Question

(a) Find the domain of the function \(g(t) = \sin \;\left( {{e^x} - 1} \right)\).

(b) Find the domain of the function \(g(t) = \sqrt {1 - {2^t}} \).

Short answer

(a) The domain of the function \(g(t)\) is \(( - \infty ,\infty )\).

(b) The domain of the function \(g(t)\) is \((\infty ,0)\).

Step-by-step solution

Given data

The functions are\(g(t) = \sin \;\left( {{e^x} - 1} \right)\) and \(g(t) = \sqrt {1 - {2^t}} \).

Concept of domain

The domain is the set of all input values of the function for which the function is real and defined.

The domain of an exponential functions\(y = {a^x},\;a > 0\)and\(a \ne 1\)is the set of real values.

That is,\( - \infty < x < \infty \).

Find the domain of the function \(g(t) = \sin \;\left( {{e^x} - 1} \right)\)

(a)

Notice that the sine function is defined on all real numbers and the exponential function also is defined for all real numbers.

Thus, the function \(g(t) = \sin \left( {{e^t} - 1} \right)\) is defined on set of all real numbers.

Therefore, the domain of the function is whole \(R\).

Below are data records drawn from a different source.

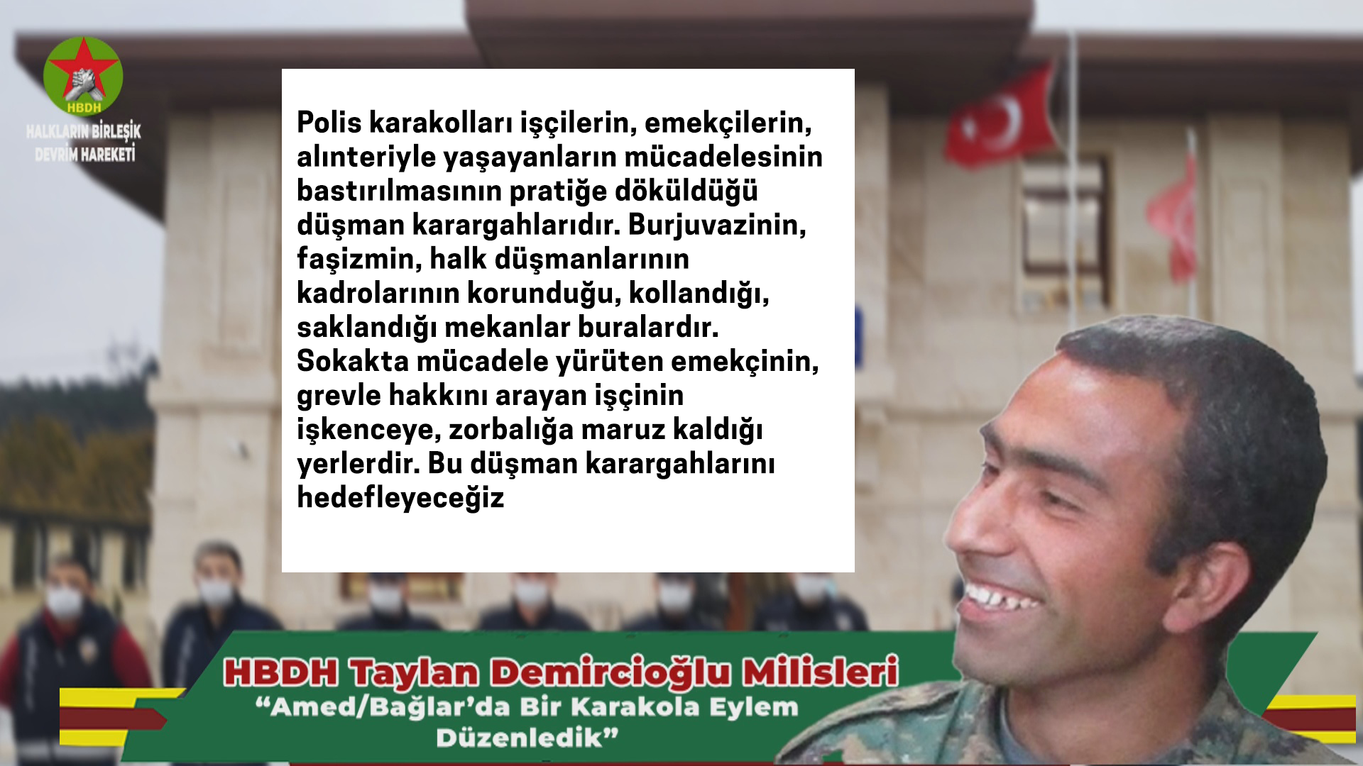 HABER MERKEZİ – HBDH Taylan Demircioğlu Milisleri Amed’in Bağlar ilçesinde bulunan Mevlana Halit Mahallesi’ndeki polis karakolunu hedef aldığını belirtti. Eyleme dair yazılı açıklamada bulunan HBDH Taylan Demircioğlu Milisleri, “düşman karargahlarını hedefleyeceğiz” belirlemesinde bulundu.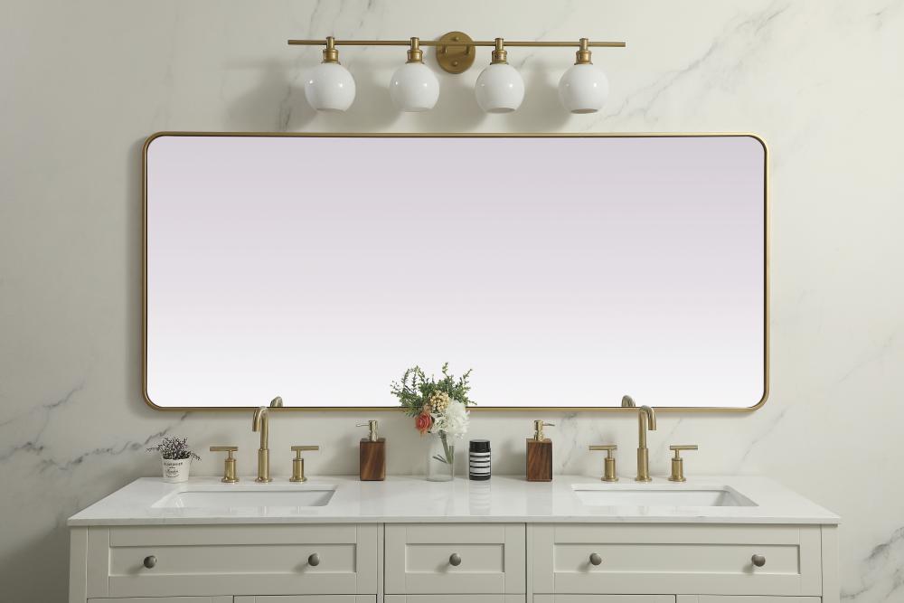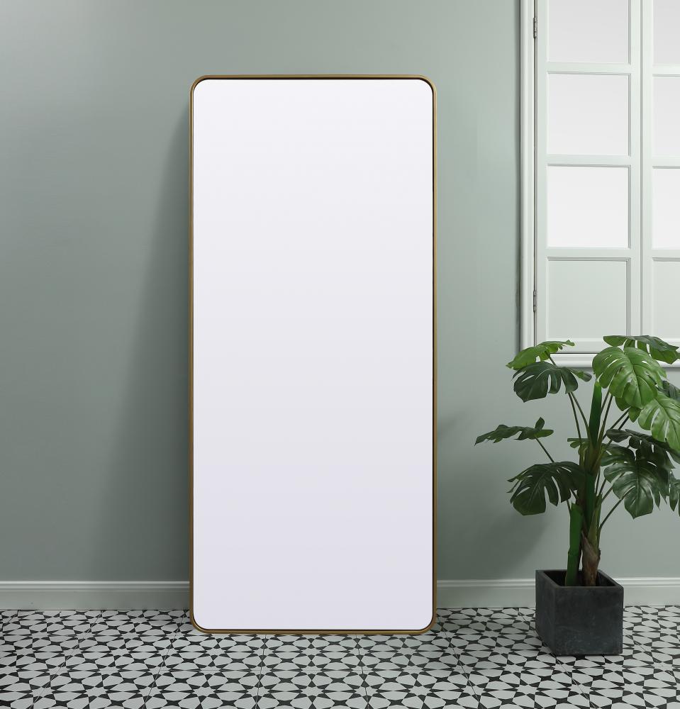 Soft Corner Metal Rectangle Mirror 32x72 Inch in Brass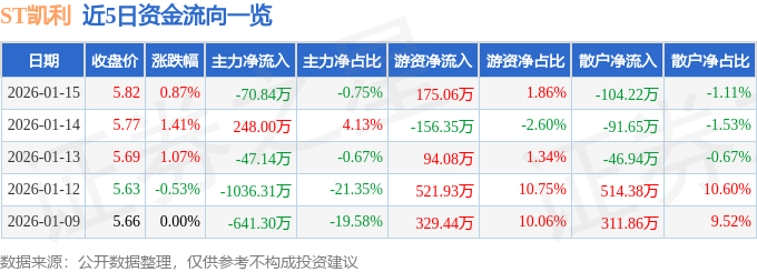 证券之星消息,截至2026年1月15日收盘,ST凯利(300326)报收于5.82元,上涨0.87%,换手率2.25%,成交量16.0万手,成交额9424.04万元。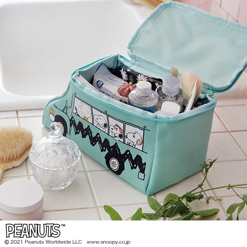スヌーピーの兄弟が乗車する、さわやかなミントカラーのバス形ポーチの登場です!

Thus, the interval notation of the domain of the function is \(( - \infty ,\infty )\).

Find the domain of the function \(g(t) = \sqrt {1 - {2^t}} \)

(b)

Since, the radicand cannot take negative values, \(1 - {2^t} \ge 0\).

Thus, \(1 \ge {2^t}\).

Express 1 as a power of 2 and obtain the value of \(t\) as follows:

\(\begin{array}{c}{2^0} \ge {2^t}\\0 \ge t\\t \le 0\end{array}\)

Thus, the function \(g(t) = \sqrt {1 - {2^t}} \) is defined when \(t \le 0\).

Therefore, the domain of the function is \(t \le 0\).

Thus, the interval notation of the domain of the function is \((\infty ,0)\).